Maritime Shipping Announces Ambitious Plans at UN Climate Summit
Commercially viable zero emission vessels will be operating along deep sea trade routes by 2030. That is the goal of the Getting to Zero Coalition; a powerful alliance representing senior leaders within the maritime, energy, infrastructure and finance sectors, supported by decision-makers from government and IGO’s. During the UN Climate Action Summit in New York the coalition announced that they will lead the push for international shipping’s decarbonization.
International shipping carries around 80% of global trade and accounts for 2-3% of global greenhouse gas emissions annually. Emissions are projected to grow by between 50 and 250% by 2050 if no action is taken.

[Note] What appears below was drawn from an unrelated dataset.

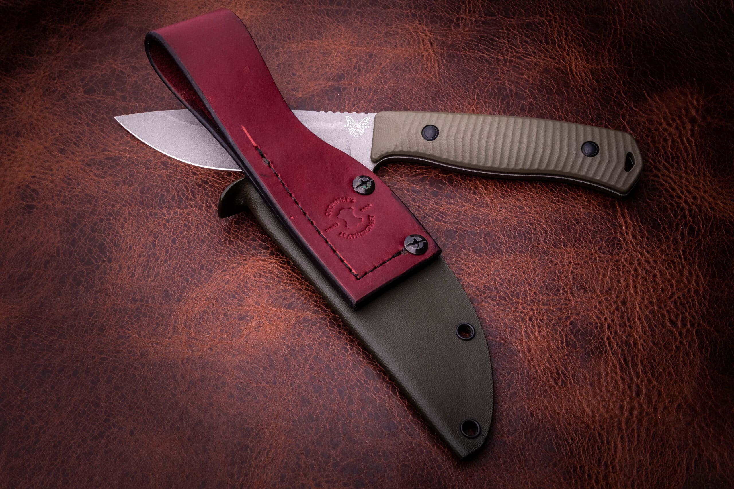 The sheath is an improvement over the plastic sheath that comes stock from Benchmade. It is available in a variety of colors and can be ordered with either a leather or kydex belt loop, and each option can be ordered with a retention strap that snaps around the handle to keep the knife from bouncing around. There is a thumb groove to assist in drawing the knife and a drain hole in the bottom to prevent fluid buildup.

The ambition of the Getting to Zero Coalition is closely aligned with the UN International Maritime Organization’s Initial GHG Strategy. The strategy prescribes that international shipping must reduce its total annual greenhouse gas emissions by at least 50% of 2008 levels by 2050, whilst pursuing efforts towards phasing them out as soon as possible in this century. This will ultimately align greenhouse gas emissions from international shipping with the Paris Agreement. The Coalition is committed to making this ambitious target a reality by getting commercially viable deep sea zero emission vessels powered by zero emission fuels into operation by 2030.
The Getting to Zero Coalition is a partnership between the Global Maritime Forum, the Friends of Ocean Action, and the World Economic Forum. The Coalition is supported by more than 70 public and private organizations.
“Decarbonizing maritime shipping is a huge task with no simple answer, but it has to be done,” says coalition member and CEO of Royal Dutch Shell Ben van Beurden. “We intend to be part of the long-term, zero-carbon, solution by seeking out the most feasible technologies that can work at a global scale. Starting now is essential because ships built today will stay on the water for decades.”